## Supplied material
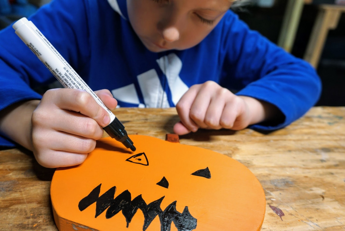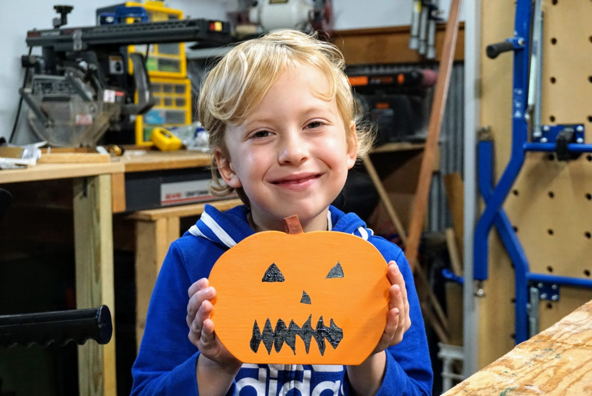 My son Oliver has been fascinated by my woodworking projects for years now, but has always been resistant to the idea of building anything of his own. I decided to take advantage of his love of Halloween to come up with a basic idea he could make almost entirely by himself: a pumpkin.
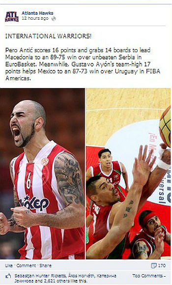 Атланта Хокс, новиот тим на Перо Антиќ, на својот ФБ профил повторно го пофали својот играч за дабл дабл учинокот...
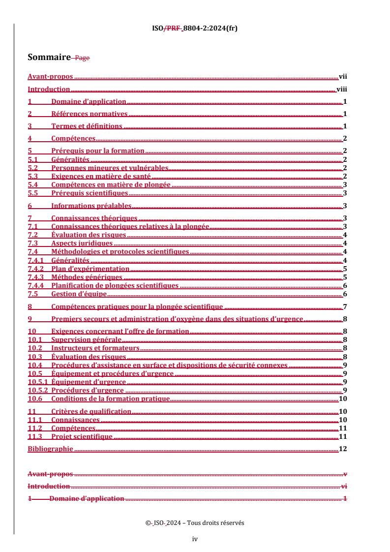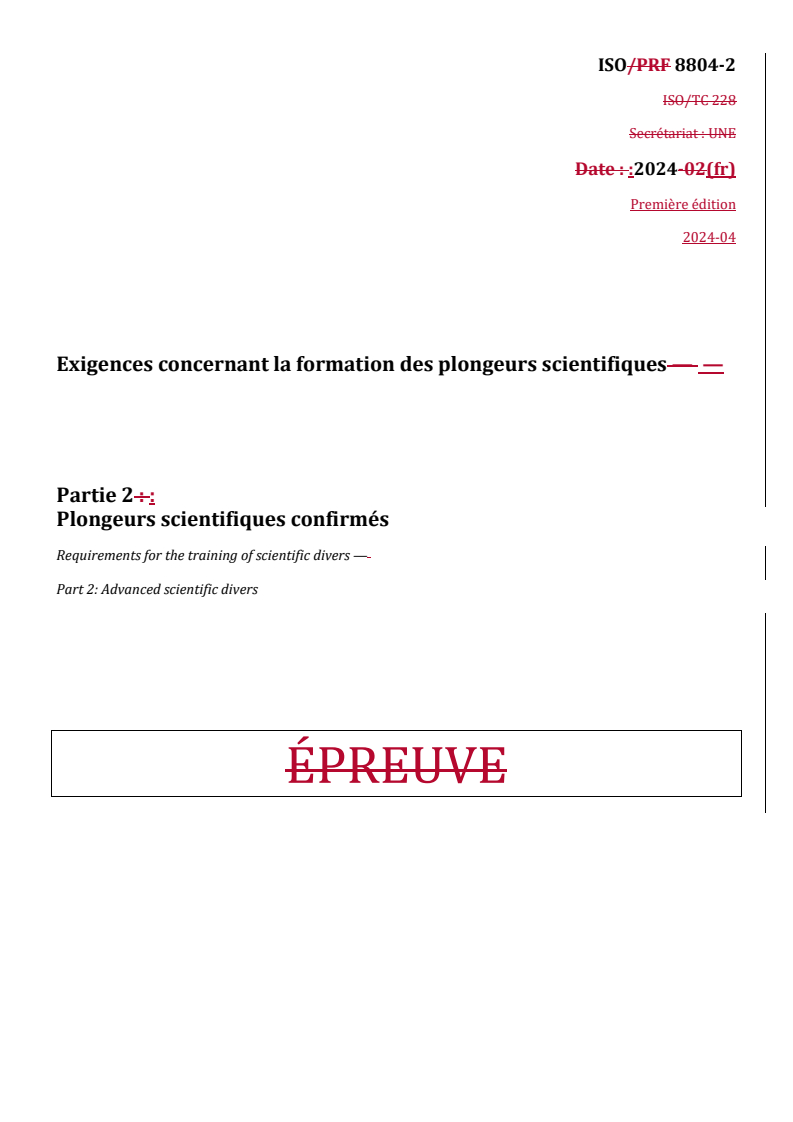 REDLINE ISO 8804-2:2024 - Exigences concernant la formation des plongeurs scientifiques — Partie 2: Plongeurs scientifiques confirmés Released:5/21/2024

==

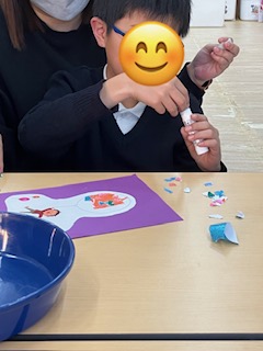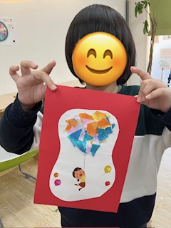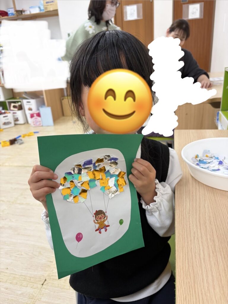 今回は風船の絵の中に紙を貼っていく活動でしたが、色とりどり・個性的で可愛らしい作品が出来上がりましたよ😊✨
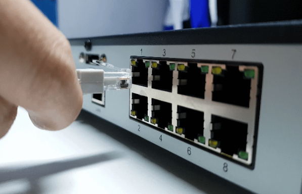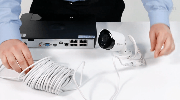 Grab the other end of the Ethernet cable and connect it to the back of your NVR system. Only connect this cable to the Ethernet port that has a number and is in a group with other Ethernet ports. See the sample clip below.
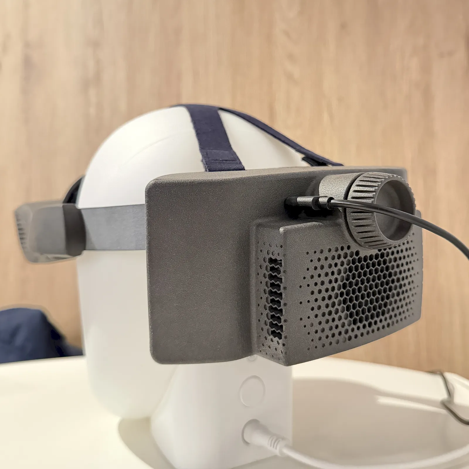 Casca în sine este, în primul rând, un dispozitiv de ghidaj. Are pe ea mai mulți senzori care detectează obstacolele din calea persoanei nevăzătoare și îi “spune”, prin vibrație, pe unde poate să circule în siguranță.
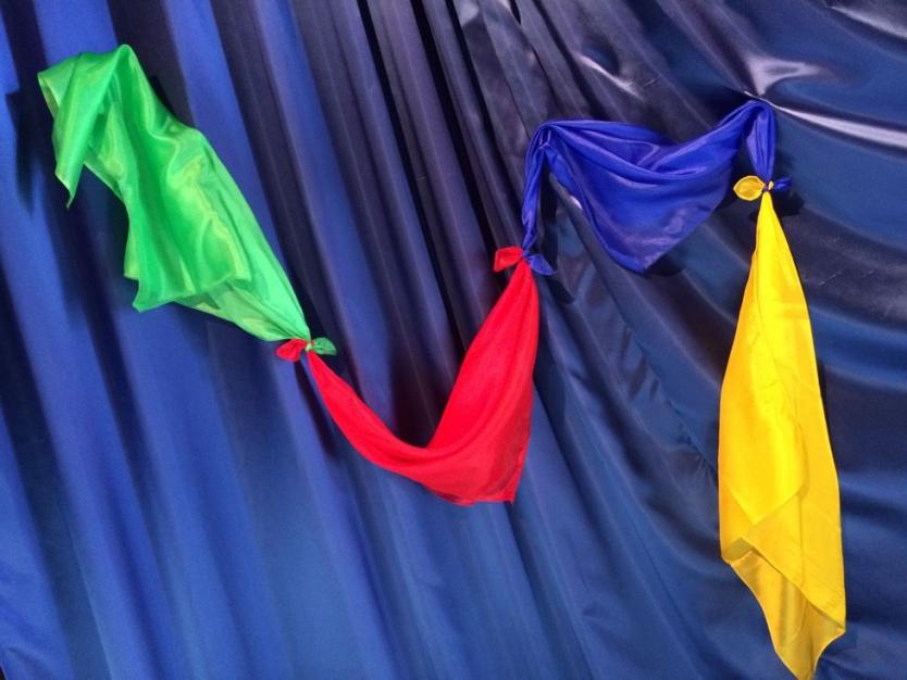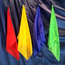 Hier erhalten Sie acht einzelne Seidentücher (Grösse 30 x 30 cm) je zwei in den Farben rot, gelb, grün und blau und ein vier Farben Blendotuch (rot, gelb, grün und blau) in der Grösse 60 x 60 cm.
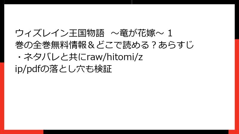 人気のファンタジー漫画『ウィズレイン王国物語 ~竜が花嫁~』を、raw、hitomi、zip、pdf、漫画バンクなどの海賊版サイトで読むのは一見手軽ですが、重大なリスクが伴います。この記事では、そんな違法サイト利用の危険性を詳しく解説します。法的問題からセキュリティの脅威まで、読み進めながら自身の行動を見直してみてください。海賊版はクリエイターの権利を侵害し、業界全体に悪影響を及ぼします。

---

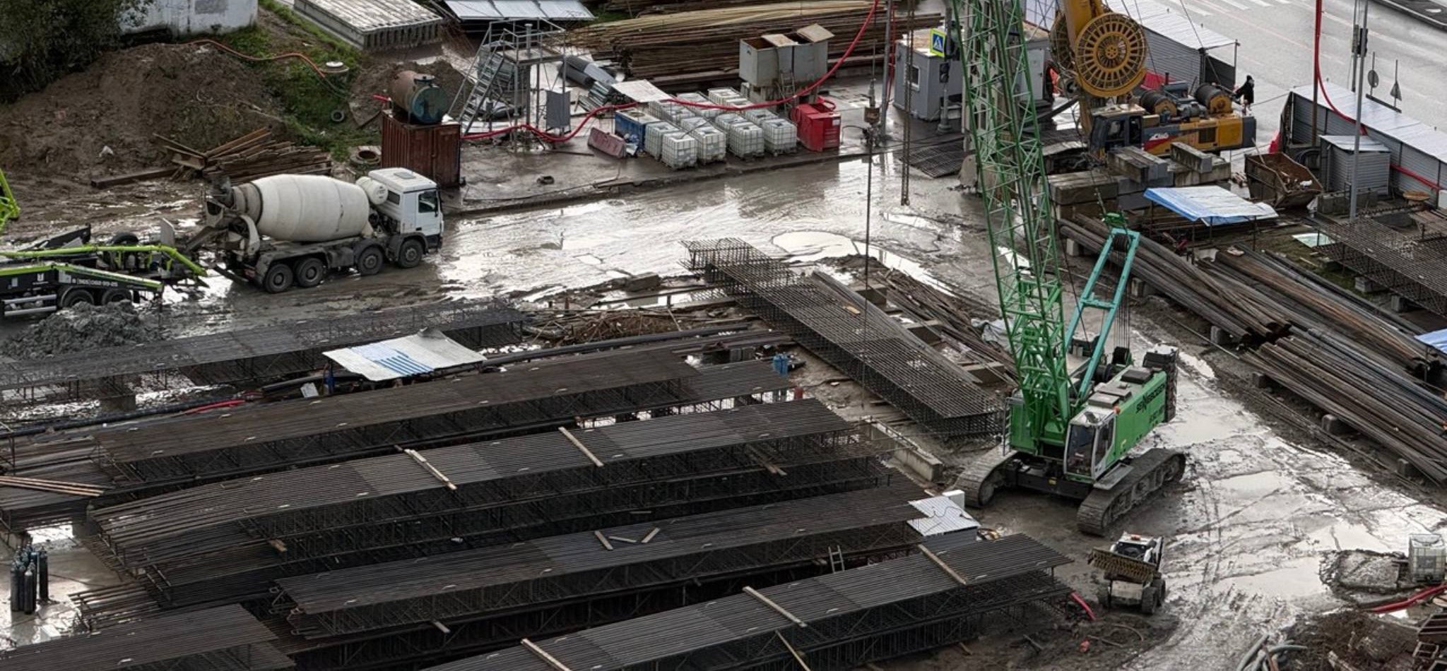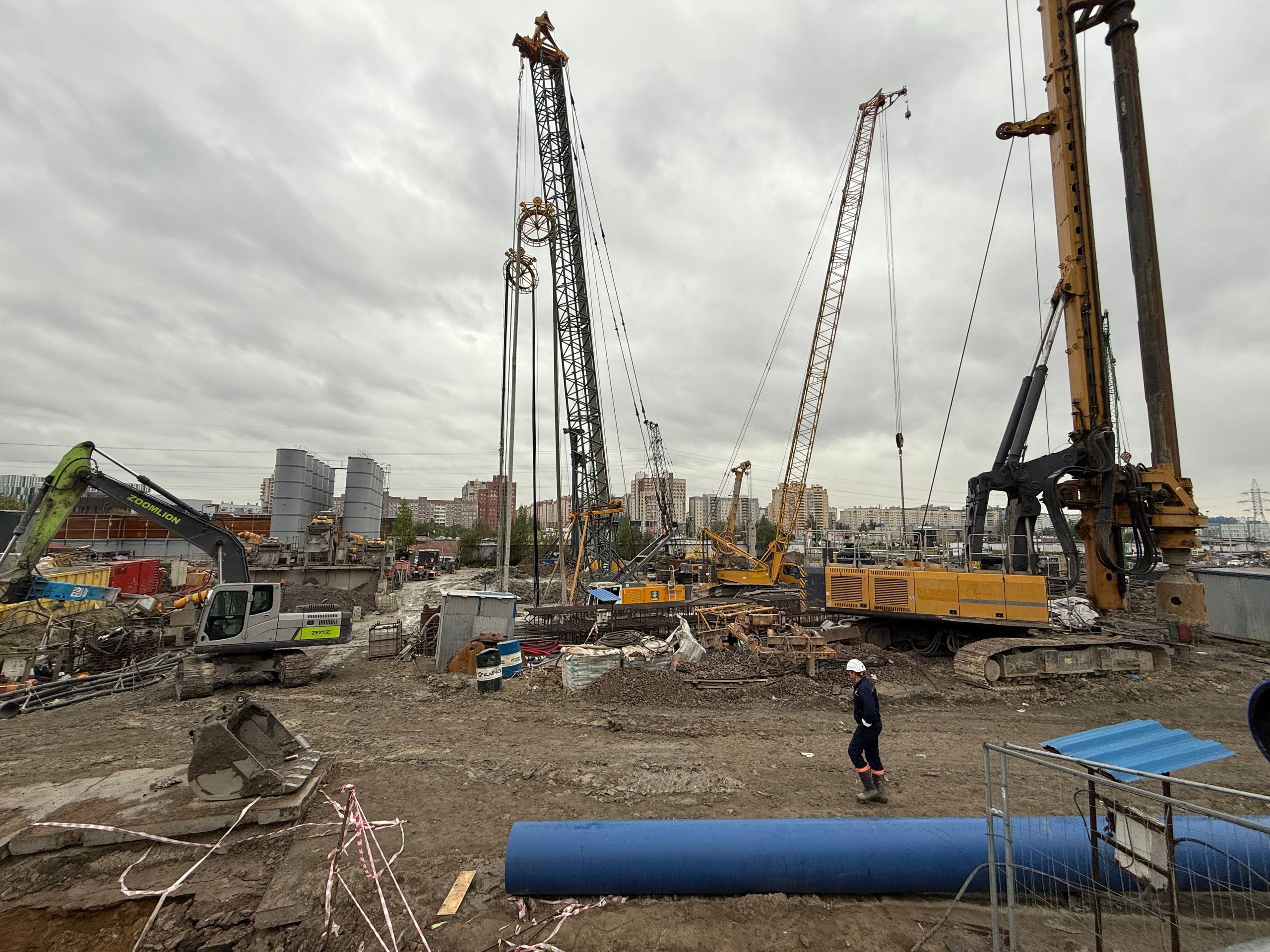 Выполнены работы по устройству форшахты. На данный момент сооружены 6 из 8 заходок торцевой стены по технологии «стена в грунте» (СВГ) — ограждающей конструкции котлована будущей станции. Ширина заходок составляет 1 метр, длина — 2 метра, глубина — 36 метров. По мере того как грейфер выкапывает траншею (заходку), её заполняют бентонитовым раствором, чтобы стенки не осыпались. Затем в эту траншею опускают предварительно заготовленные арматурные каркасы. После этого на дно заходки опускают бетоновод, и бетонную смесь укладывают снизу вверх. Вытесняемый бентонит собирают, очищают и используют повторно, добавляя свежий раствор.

## Directions for this task
Please transcribe exactly the part of the records that opens with the line containing "Casca în sine" and closes with the line containing "人気のファンタジー漫画『ウィ", both ends included, and leave out the pictures.

## Problem solution
 Casca în sine este, în primul rând, un dispozitiv de ghidaj. Are pe ea mai mulți senzori care detectează obstacolele din calea persoanei nevăzătoare și îi “spune”, prin vibrație, pe unde poate să circule în siguranță.
 Hier erhalten Sie acht einzelne Seidentücher (Grösse 30 x 30 cm) je zwei in den Farben rot, gelb, grün und blau und ein vier Farben Blendotuch (rot, gelb, grün und blau) in der Grösse 60 x 60 cm.
 人気のファンタジー漫画『ウィズレイン王国物語 ~竜が花嫁~』を、raw、hitomi、zip、pdf、漫画バンクなどの海賊版サイトで読むのは一見手軽ですが、重大なリスクが伴います。この記事では、そんな違法サイト利用の危険性を詳しく解説します。法的問題からセキュリティの脅威まで、読み進めながら自身の行動を見直してみてください。海賊版はクリエイターの権利を侵害し、業界全体に悪影響を及ぼします。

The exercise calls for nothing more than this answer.